Submitted: June 29, 2022
Accepted: July 5, 2023

Abstract

Stability studies are carried out to study the impact on the quality of drug substance or drug product over a period of time under the combined influence of environmental factors like temperature, humidity, and exposure to light. One of the main purposes of stability testing is to establish shelf life for these drug products. The goal of this paper is to create an Excel spreadsheet, which can be used for statistical testing of more than three stability batches for poolability. The spreadsheet is designed to meet the poolability criteria as per International Council for Harmonisation Harmonised Tripartite guideline for evaluation of stability data, Q1E.

Stability studies in the pharmaceutical industry are intended to measure the degradation of drug product over time. These studies are conducted by taking random samples from a batch that is stored under specified conditions. By using data from these studies, degradation rate as a function of time is calculated. The shelf life is the point in time where the lower 95% confidence interval from the linear fitted regression line crosses the 90% labeled amount (1). The shelf-life estimation for a hypothetical single batch is shown in Figure 1.
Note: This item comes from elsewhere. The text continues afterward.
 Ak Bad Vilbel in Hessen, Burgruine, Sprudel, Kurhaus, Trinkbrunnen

Figure 1. Shelf-life estimation for a single hypothetical batch. Where CI means confidence interval. (Figure courtesy of the author)
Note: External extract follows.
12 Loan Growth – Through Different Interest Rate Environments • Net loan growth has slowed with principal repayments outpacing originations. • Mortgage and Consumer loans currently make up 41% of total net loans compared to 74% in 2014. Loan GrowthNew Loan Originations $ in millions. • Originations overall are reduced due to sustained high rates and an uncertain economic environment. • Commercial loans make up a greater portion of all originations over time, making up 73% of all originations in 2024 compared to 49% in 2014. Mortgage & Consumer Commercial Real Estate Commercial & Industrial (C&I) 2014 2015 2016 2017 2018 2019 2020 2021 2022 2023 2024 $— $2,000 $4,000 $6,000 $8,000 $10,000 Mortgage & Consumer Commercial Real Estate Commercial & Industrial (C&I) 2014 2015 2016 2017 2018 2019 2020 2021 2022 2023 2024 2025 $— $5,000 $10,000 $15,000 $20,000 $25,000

Figure 1. Shelf-life estimation for a single hypothetical batch. Where CI means confidence interval. (Figure courtesy of the author)

The International Council for Harmonisation (ICH) Tripartite Guideline, Q1E Evaluation for Stability Data, describes the procedure for shelf-life estimation. The objective of statistical analysis outlined in the guideline is to determine variability among these batches and then estimate the shelf life accordingly (2).

When multiple batches are manufactured, data from these batches can be pooled for shelf-life calculation. According to ICH’s guideline (2), analysis of covariance (ANCOVA) is used to test statistical difference between both slopes and intercepts of regression lines generated from these multiple batches, using time as a covariate. A significance level of 0.25 is used as the criterion for pooling (3).

In a previous paper (4), the use of Microsoft Excel to test the equality of slopes and intercepts using ANCOVA for three batches was described. The goal of this paper is to test for equality of slope and intercepts using Microsoft Excel, when the number of test batches is greater than three. Two reported datasets each containing data from six batches will be used to demonstrate this approach.

Methods

Two stability data datasets each involving six batches from Ruberg and Stegeman’s research (1) were tested separately using the aforementioned approach. The procedure involved regression analysis of stability data using in-built Excel functions and then creating an ANCOVA table using these values. For multi-batch stability data, Figure 2 shows the possible scenarios for drug product degradation. The common intercept separate slope (CISS) model is used only in special circumstances (5). The other models used to describe stability studies are listed below:

Figure 2. Different models to explain stability studies.  *CISS model is only used in special circumstances. (Figure courtesy of the author)

Figure 2. Different models to explain stability studies.

*CISS model is only used in special circumstances. (Figure courtesy of the author)

Common intercept common slope (CICS) model. This model indicates that all the batches have a common intercept and slope. The values for common slope and intercept for dataset 1 are obtained by using regression analysis in Excel.

Separate intercept separate slope (SISS) model. This model indicates that different batches have different slopes and different intercepts. These values can be obtained by regression analysis from individual batches separately. Residual sum of squares is obtained by adding squared differences between observed and expected value. The expected value is calculated using slope and intercept from individual batches.

Separate intercept common slope (SICS) model. This model indicates that different batches have common slope and separate intercept. These values can be obtained by regression analysis using dummy dependent variables containing ones and zeros.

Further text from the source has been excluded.